**EXERCISE GOAL**
In the entries that follow, the first line to write out is the one containing "Along the way", and the last is the one containing "Крутейший костюм для". Reproduce that stretch exactly, with nothing before or after it.

**RECORDS**
______________________________
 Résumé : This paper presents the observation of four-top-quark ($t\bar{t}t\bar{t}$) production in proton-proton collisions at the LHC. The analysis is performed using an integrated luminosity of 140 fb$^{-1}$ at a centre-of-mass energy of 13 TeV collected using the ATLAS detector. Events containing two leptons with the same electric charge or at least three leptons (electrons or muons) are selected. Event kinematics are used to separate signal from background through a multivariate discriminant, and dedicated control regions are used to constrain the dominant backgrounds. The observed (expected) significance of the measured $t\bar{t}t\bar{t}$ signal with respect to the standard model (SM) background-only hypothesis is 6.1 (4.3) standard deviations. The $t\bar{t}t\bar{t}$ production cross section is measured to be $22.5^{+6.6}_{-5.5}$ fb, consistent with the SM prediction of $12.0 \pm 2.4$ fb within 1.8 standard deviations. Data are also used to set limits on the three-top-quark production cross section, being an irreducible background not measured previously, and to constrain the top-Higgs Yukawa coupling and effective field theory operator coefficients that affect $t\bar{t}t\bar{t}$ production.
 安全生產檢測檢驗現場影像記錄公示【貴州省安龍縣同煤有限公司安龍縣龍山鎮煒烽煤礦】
______________________________
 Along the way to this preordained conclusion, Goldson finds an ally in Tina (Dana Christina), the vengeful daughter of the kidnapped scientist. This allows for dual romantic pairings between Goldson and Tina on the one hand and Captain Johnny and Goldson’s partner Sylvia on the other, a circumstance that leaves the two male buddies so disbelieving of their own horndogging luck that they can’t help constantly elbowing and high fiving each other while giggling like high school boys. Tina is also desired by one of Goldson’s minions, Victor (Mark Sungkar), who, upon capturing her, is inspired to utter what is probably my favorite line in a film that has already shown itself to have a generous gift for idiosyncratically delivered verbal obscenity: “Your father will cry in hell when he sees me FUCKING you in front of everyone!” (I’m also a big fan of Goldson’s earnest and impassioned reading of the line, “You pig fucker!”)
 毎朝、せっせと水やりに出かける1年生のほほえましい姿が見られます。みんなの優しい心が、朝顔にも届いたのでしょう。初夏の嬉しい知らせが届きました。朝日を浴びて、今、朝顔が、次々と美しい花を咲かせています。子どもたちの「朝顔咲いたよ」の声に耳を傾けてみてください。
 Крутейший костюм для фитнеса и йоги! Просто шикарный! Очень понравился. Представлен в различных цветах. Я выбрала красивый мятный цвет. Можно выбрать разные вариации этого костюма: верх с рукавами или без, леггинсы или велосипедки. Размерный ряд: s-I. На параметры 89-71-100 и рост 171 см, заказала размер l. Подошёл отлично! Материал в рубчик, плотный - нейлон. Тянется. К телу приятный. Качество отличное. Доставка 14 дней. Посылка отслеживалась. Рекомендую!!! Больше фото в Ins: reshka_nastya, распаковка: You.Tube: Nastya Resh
______________________________
**WRITTEN ANSWER**
 Along the way to this preordained conclusion, Goldson finds an ally in Tina (Dana Christina), the vengeful daughter of the kidnapped scientist. This allows for dual romantic pairings between Goldson and Tina on the one hand and Captain Johnny and Goldson’s partner Sylvia on the other, a circumstance that leaves the two male buddies so disbelieving of their own horndogging luck that they can’t help constantly elbowing and high fiving each other while giggling like high school boys. Tina is also desired by one of Goldson’s minions, Victor (Mark Sungkar), who, upon capturing her, is inspired to utter what is probably my favorite line in a film that has already shown itself to have a generous gift for idiosyncratically delivered verbal obscenity: “Your father will cry in hell when he sees me FUCKING you in front of everyone!” (I’m also a big fan of Goldson’s earnest and impassioned reading of the line, “You pig fucker!”)
 毎朝、せっせと水やりに出かける1年生のほほえましい姿が見られます。みんなの優しい心が、朝顔にも届いたのでしょう。初夏の嬉しい知らせが届きました。朝日を浴びて、今、朝顔が、次々と美しい花を咲かせています。子どもたちの「朝顔咲いたよ」の声に耳を傾けてみてください。
 Крутейший костюм для фитнеса и йоги! Просто шикарный! Очень понравился. Представлен в различных цветах. Я выбрала красивый мятный цвет. Можно выбрать разные вариации этого костюма: верх с рукавами или без, леггинсы или велосипедки. Размерный ряд: s-I. На параметры 89-71-100 и рост 171 см, заказала размер l. Подошёл отлично! Материал в рубчик, плотный - нейлон. Тянется. К телу приятный. Качество отличное. Доставка 14 дней. Посылка отслеживалась. Рекомендую!!! Больше фото в Ins: reshka_nastya, распаковка: You.Tube: Nastya Resh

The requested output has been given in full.